The Home Mission Committee of Florida Presbytery had, as a protest against his organizing, cut off their salary support for Rollins. Thomas takes Trinity's and Rollins's case before the committee, which said again that they "would not be interested in supporting the Church so long as Metz Rollins was a member of the NAACP."

Lawrence Bottoms, future moderator of the PCUS General Assembly, then staff of the Board of Church Extension, was dispatched to Tallahassee in November to try to heal the rift. Trinity leadership refused to meet with him: "It seems now that the idea of the Trinity group is that they do not want to deal with the First Presbyterian Church in Tallahassee or with the Board of Church Extension. All indications are that they will work through the Central Alabama Presbytery."

Further pacification efforts were taken up in February 1957 by Albert Winn of the Presbytery of Central Alabama, who advised Trinity to re-establish contact with Atlanta, try to mend relations with First Tallahassee, and "get in line with [Florida] Presbytery as soon as possible." By the same token, Winn advised the angrier members of First Tallahassee that their calls for discipline against Rollins were moot: "In discussing the difficulties which they felt had been introduced into the situation by Mr. Rollins' participation in the bus protest, a clear understanding was reached that Mr. Rollins is a member of the Central Alabama Presbytery and is answerable to that body for any questions which might be raised concerning his conduct as a minister. We felt that this was an important principle to be established; that he has the same rights to his convictions as any other Presbyterian minister."

By May 1957, seeing no evident way forward, Trinity moved to dissolve its relationship with the PCUS and move to join the PCUSA. Lawrence Bottoms, for his part, was actively assuaging the white church.
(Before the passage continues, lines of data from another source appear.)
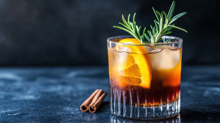 A glass of iced Americano with layers of orange and lemon juice, decorated with rosemary and cinnamon for an elegant touch, on a dark background.
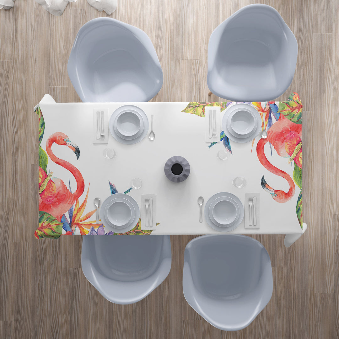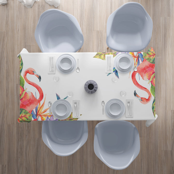 Galdauts ar rozā flamingo un tropiskiem ziediem
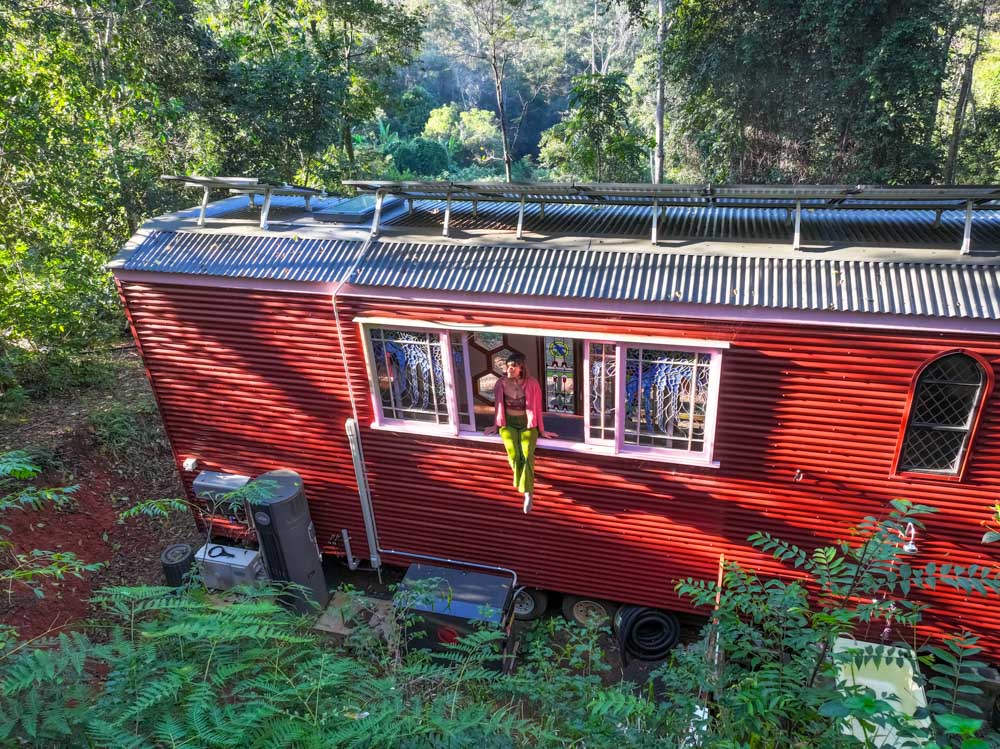 Inside, the tiny house is cleverly laid out to create both spaciousness and practicality. There’s a full-sized kitchen perfect for preparing nourishing meals, a huge walk-in wardrobe, and dual sleeping lofts, one for Emily and one for her daughter Olive. Every corner of the home is thoughtfully crafted and filled with character, from handcrafted details to artistic touches that reflect Emily’s creative spirit.
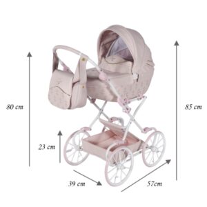 Este adorable y elegante cochecito de muñecas estimula la imaginación, fortalece los vínculos emocionales y contribuye al desarrollo de habilidades sociales, cognitivas y motoras.
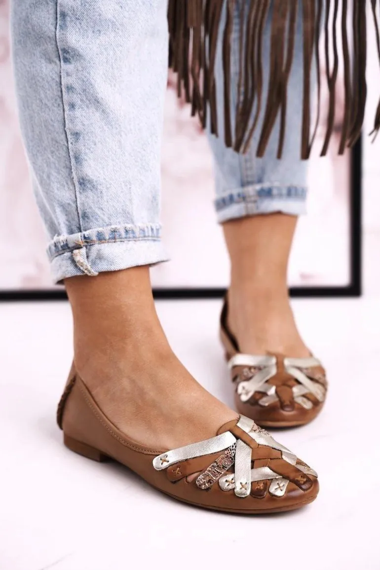 Damskie Skórzane Baleriny Maciejka Rude 01358-46
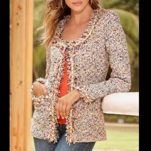 Boston Proper Colorful Tweed Fringe Jacket

During a meeting with Don Swicord and Davis Thomas to reflect on the situation at Trinity and think of paths forward, Bottoms is reported to have said that in the future Black ministers should "be received into white presbyteries rather than for them to hold their membership in a negro presbytery," the kind of arrangement that would guarantee white domination of dissident ministers like Metz.

At the same meeting, Bottoms related that the "policy of the Board of Church Extension was "to consider desegregation not essential." Presbyterian evangelization of African Americans would proceed within segregated society.

First Tallahassee would make some final donations to the Department of Negro Work, the PCUS would pay First Tallahassee back what it spent to hire the architect for Trinity, and the issue would no longer take up the energy of the ecclesial bureaucracy.

Rollins would be called by the UPCUSA in 1958 to serve a biracial church in Nashville -- later he would say "the salary was six thousand dollars and I thought I was in glory." He would go on to organize the National Committee of Black Churchmen in New York and finally to serve St. Augustine Presbyterian Church in the Bronx. In 25 years at St. Augustine, Rollins would be involved in opposition to the American War in Vietnam, advocate for prisoners in Attica, and run for the school board in White Plains. In a 2007 HistoryMakers interview, he sounds the same themes in White Plains as animated him in Tallahassee:

"You know, they interviewed me and they said, you know, again, the inevitable question, 'What is it you people want?' and I said, 'I want the same damn thing that you all have.'"

Metz was honorably retired by the Presbytery of New York City in 2005. He died in 2009.